### Prompt
The data below contains pictures, which are to be skipped; the lines starting at the line with "El diseño de" and ending at the line with "Edvin Herrgård med" are to be output exactly, both ends included.

### Records for processing
↓

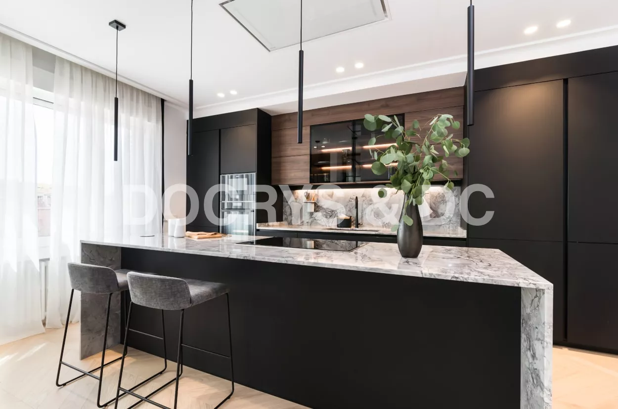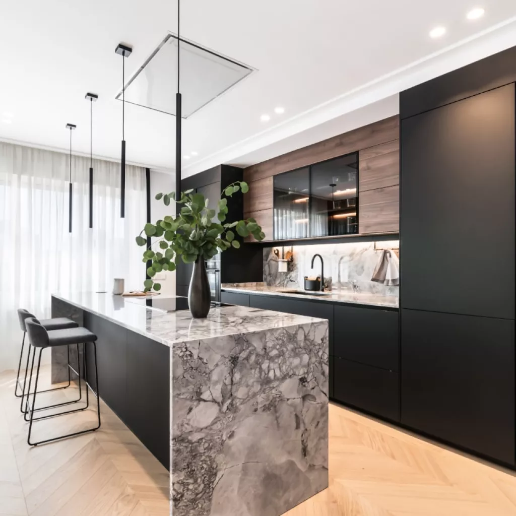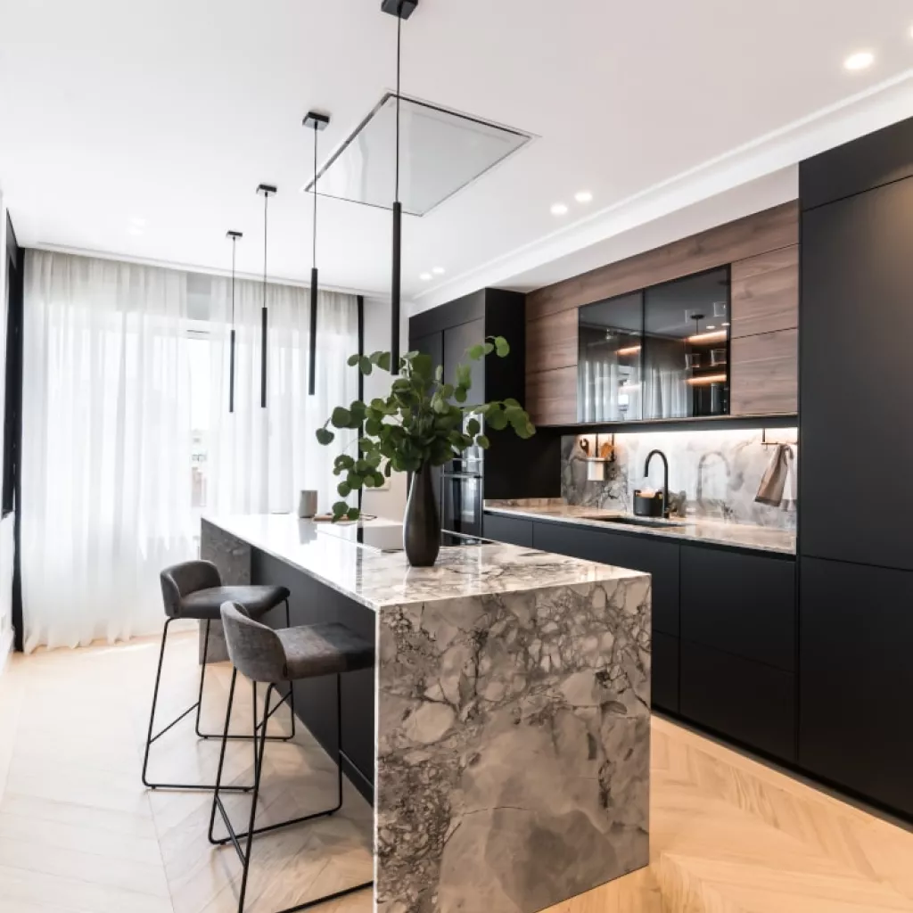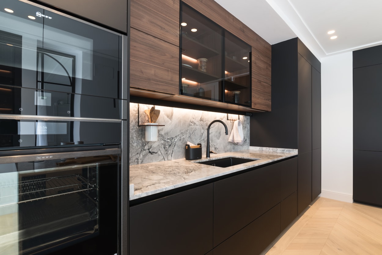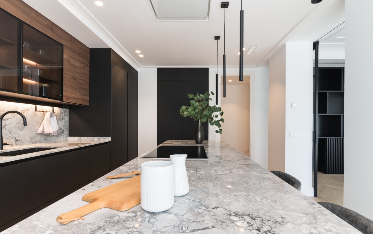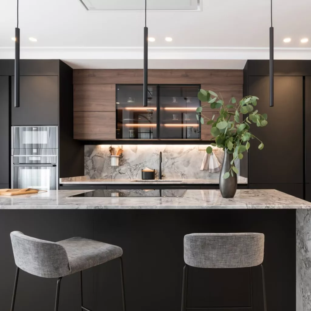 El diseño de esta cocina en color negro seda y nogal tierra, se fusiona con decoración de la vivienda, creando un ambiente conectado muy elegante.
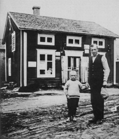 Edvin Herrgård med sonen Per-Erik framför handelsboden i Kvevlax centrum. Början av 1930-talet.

↑
↓

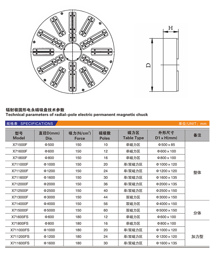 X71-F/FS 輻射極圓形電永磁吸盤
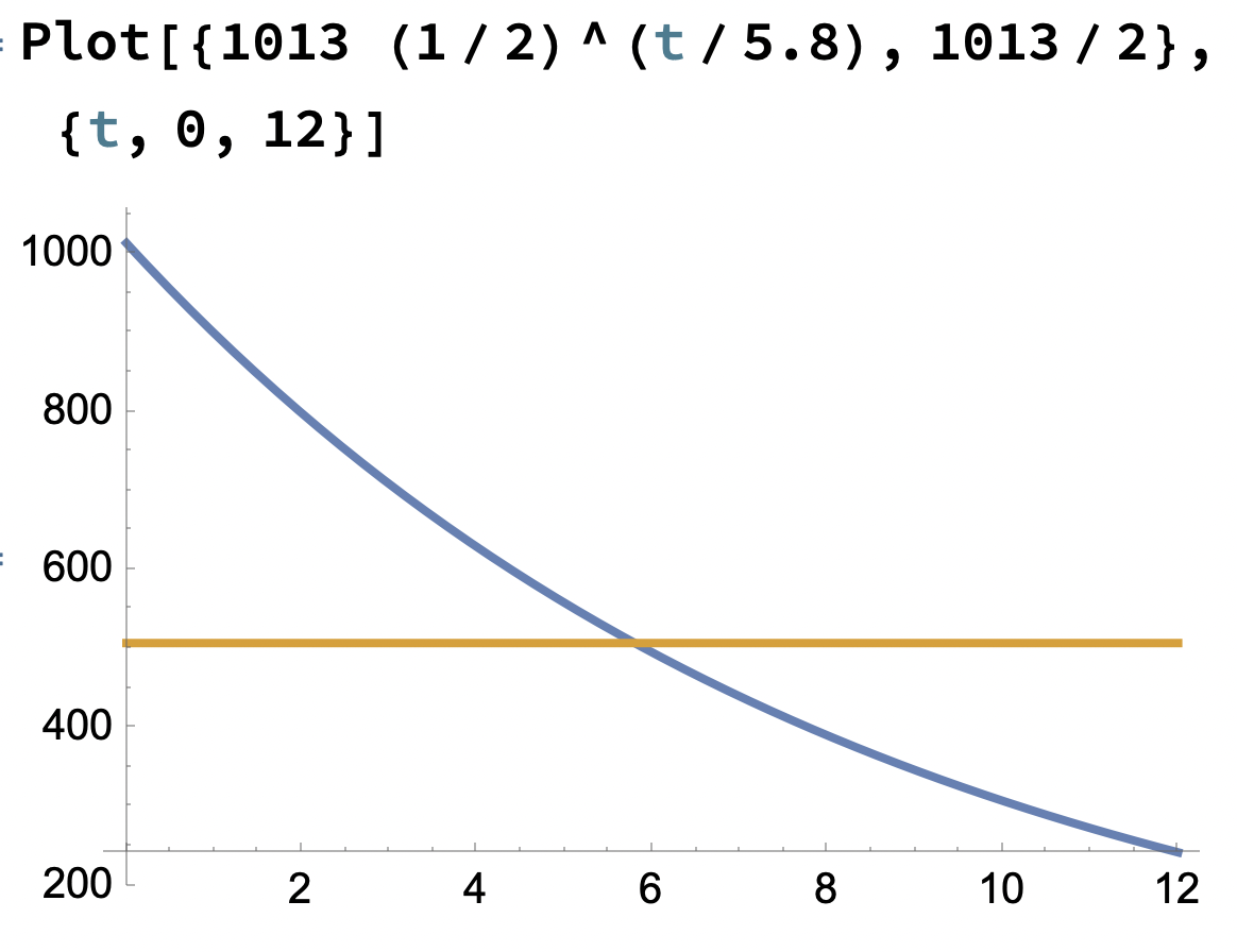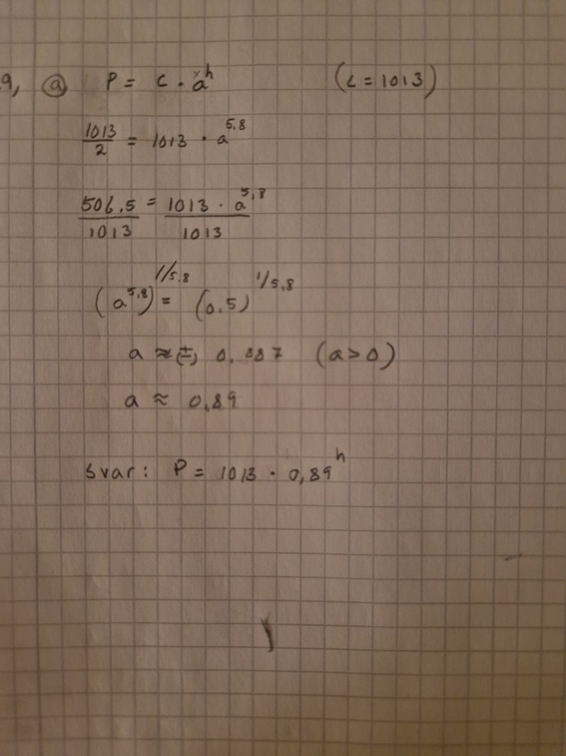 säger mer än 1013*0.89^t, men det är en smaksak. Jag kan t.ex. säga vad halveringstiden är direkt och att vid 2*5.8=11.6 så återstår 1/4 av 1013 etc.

↑

### Worked solution
 El diseño de esta cocina en color negro seda y nogal tierra, se fusiona con decoración de la vivienda, creando un ambiente conectado muy elegante.
 Edvin Herrgård med sonen Per-Erik framför handelsboden i Kvevlax centrum. Början av 1930-talet.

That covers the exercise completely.